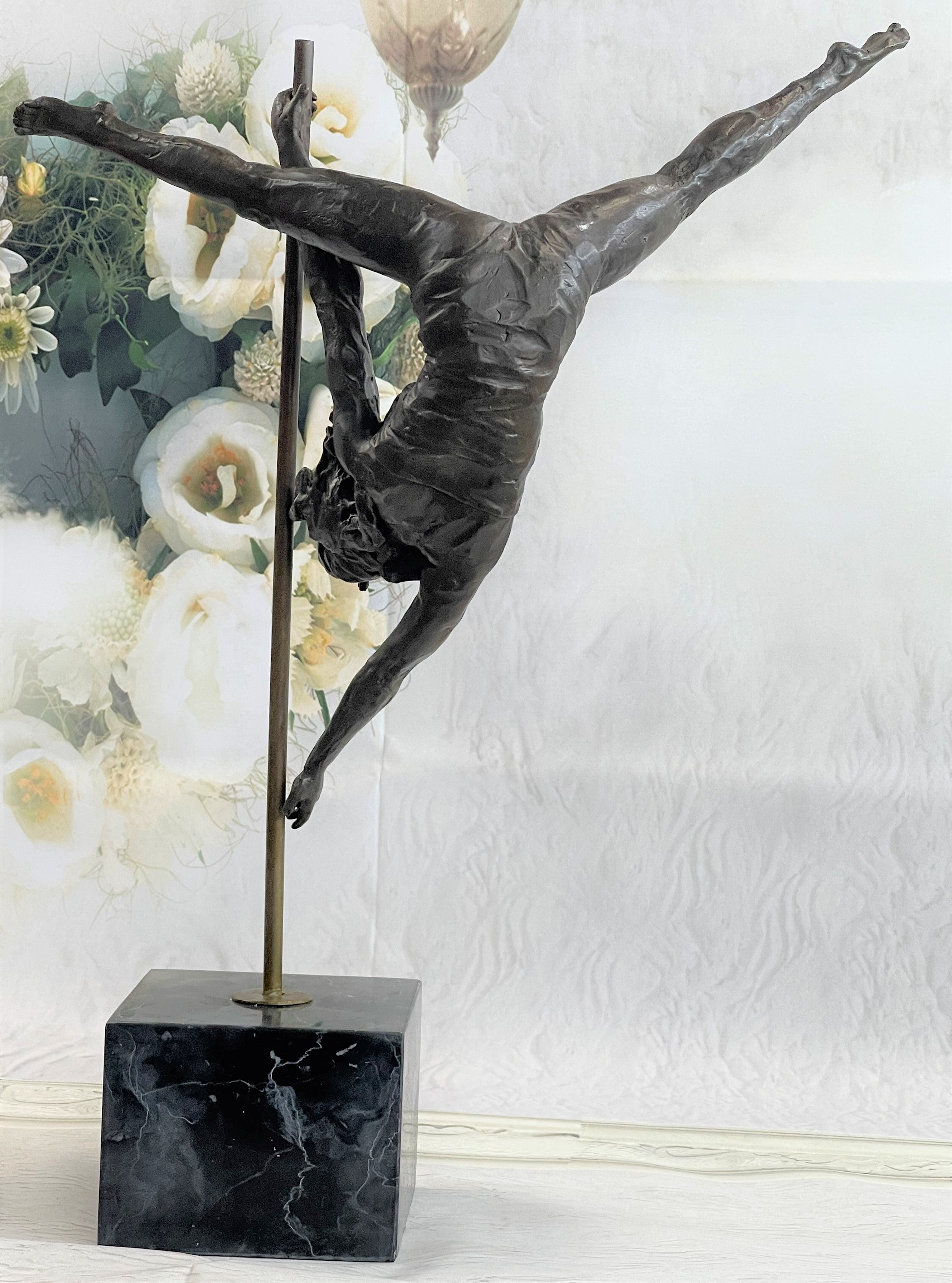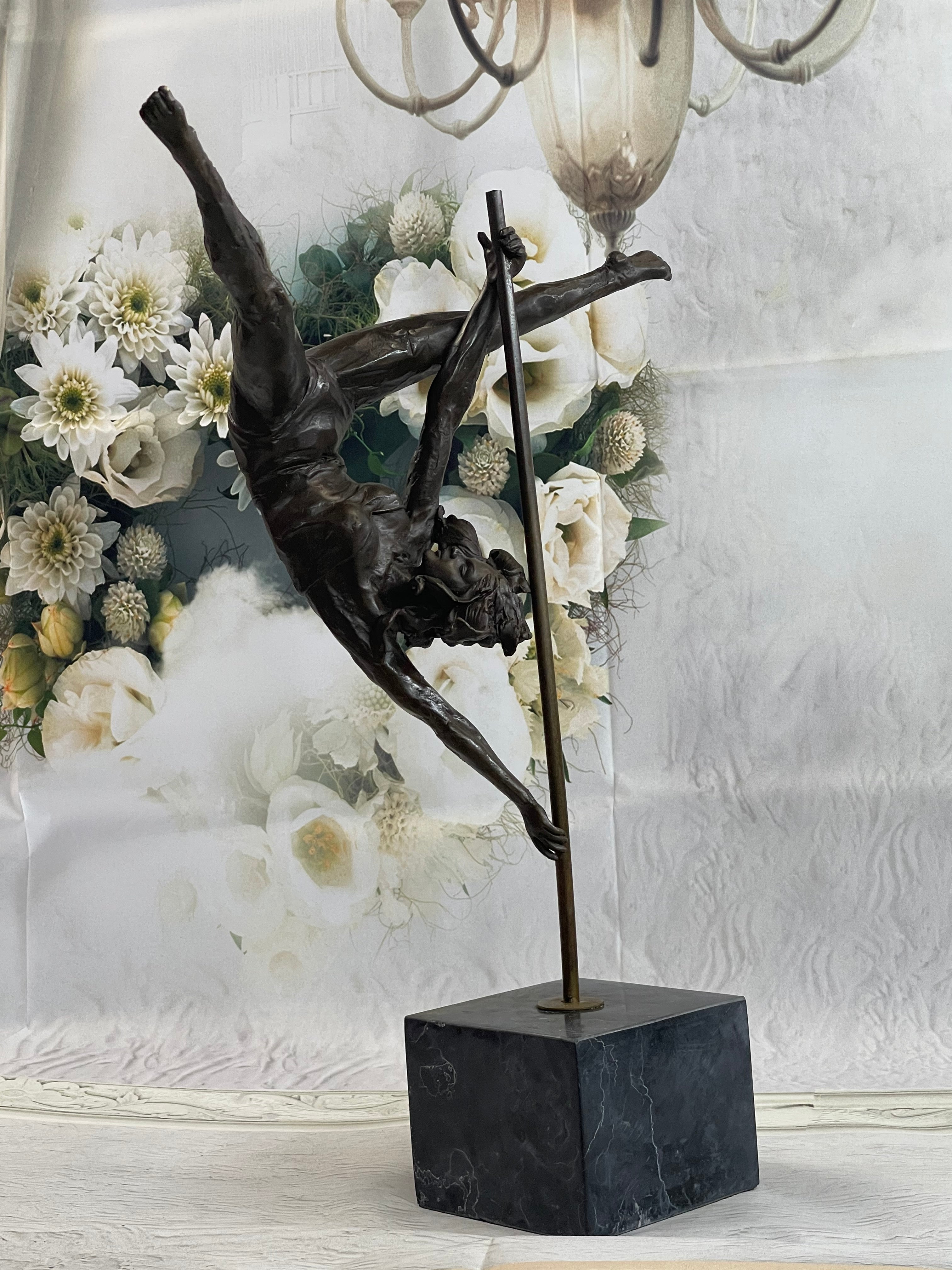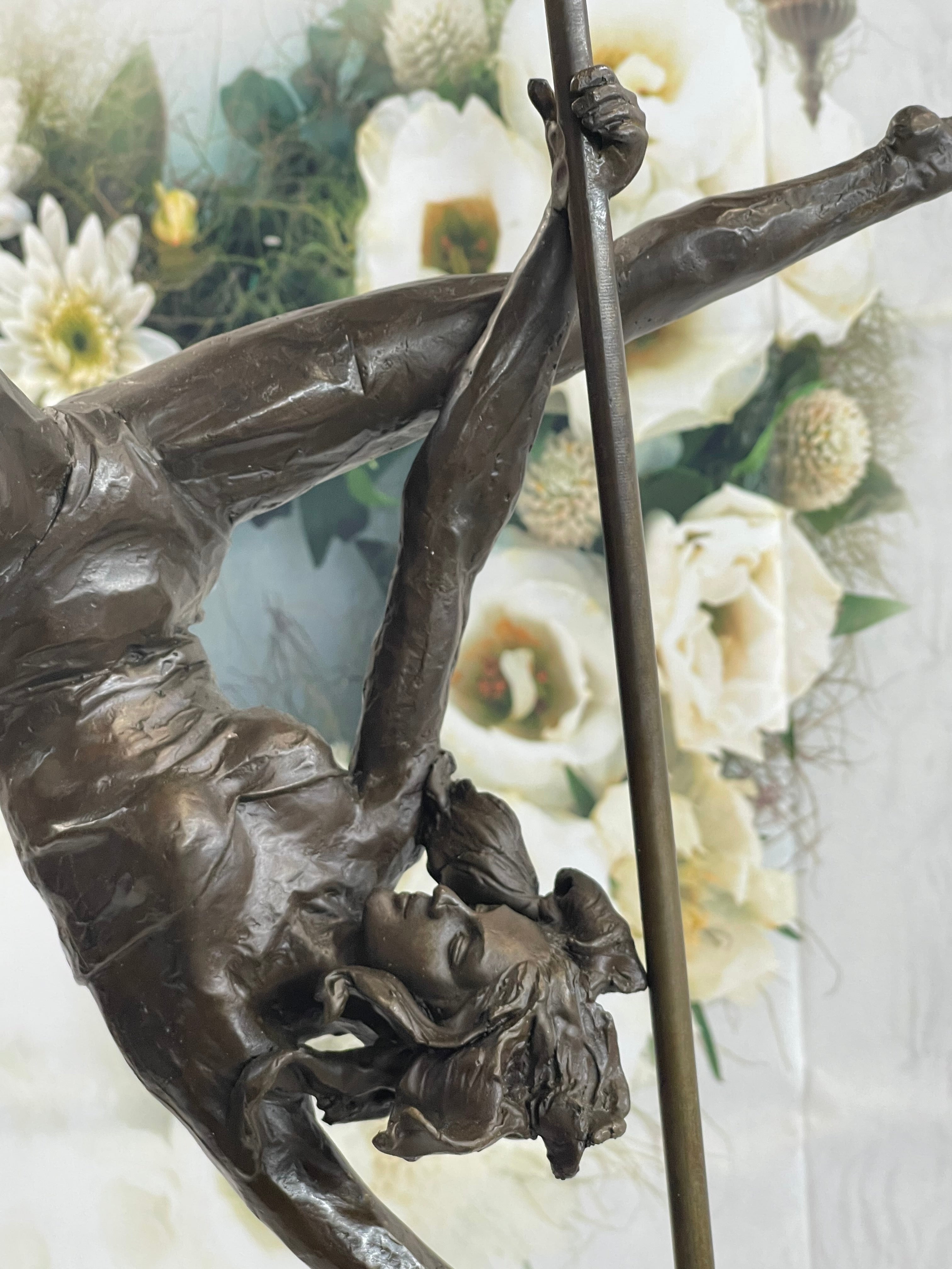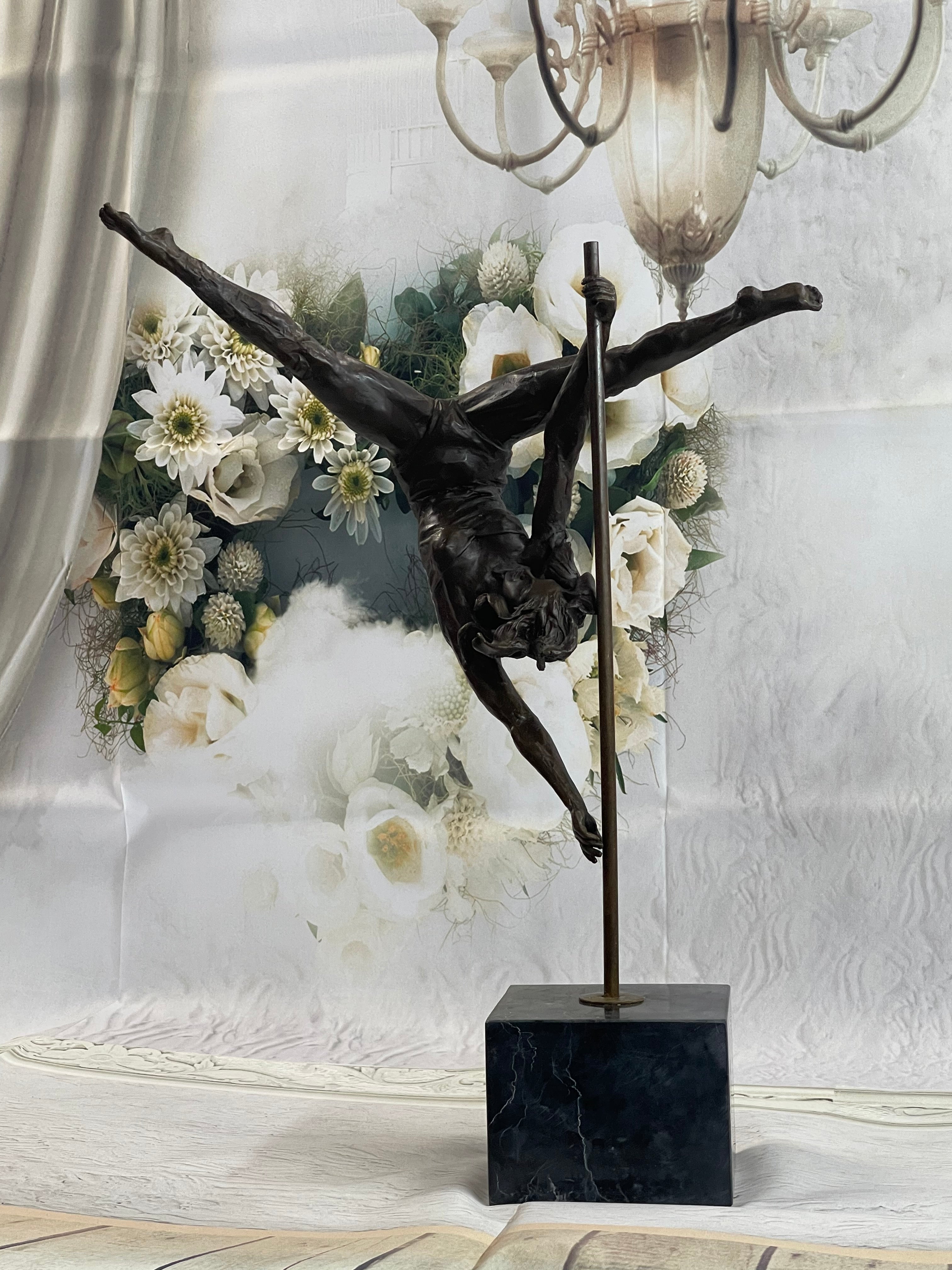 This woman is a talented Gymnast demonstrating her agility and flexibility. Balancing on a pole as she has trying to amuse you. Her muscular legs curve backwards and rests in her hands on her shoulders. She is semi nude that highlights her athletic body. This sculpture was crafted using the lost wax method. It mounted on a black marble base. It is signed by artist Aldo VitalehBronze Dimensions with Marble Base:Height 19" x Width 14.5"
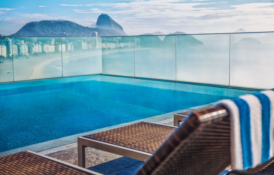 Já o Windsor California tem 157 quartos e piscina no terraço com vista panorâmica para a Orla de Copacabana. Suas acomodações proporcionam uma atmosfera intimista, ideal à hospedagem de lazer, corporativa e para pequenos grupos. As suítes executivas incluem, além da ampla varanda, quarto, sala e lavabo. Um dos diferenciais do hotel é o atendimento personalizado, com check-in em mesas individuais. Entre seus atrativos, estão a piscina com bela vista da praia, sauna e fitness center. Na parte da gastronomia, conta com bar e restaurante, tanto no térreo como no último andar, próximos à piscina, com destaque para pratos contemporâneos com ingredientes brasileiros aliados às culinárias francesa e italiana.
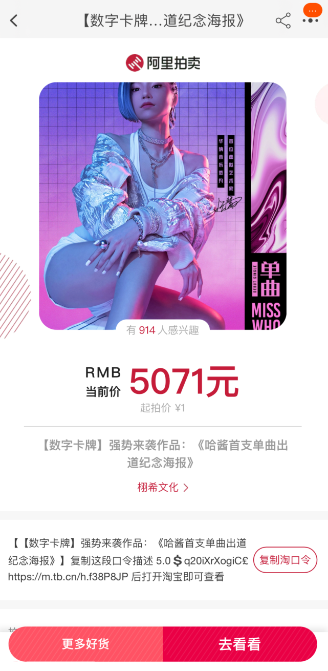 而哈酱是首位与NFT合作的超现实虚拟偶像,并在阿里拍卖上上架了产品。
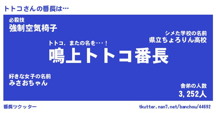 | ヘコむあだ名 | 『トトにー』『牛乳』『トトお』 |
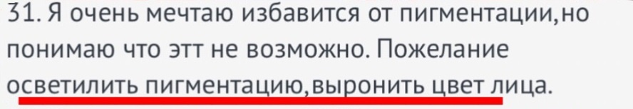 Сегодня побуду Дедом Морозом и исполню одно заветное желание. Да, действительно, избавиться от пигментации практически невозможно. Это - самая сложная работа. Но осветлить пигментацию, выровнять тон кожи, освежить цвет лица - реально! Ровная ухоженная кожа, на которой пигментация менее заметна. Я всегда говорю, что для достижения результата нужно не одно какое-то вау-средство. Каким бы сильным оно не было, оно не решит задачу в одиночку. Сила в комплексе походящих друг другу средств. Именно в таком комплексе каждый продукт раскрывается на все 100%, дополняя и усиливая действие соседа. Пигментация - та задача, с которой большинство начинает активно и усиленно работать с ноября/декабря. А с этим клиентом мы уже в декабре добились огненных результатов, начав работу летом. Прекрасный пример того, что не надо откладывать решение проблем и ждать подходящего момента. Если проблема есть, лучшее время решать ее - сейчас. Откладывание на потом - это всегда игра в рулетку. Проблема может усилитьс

====

What you write must match the listing exactly, from the line with "而哈酱是首位与NFT合作的超现实虚拟偶像,并在阿里拍卖上上架了产品。" up to and including the line with "ヘコむあだ名 | 『トトにー』『牛乳』『トトお』 |". Pictures stay out.

 而哈酱是首位与NFT合作的超现实虚拟偶像,并在阿里拍卖上上架了产品。
 | ヘコむあだ名 | 『トトにー』『牛乳』『トトお』 |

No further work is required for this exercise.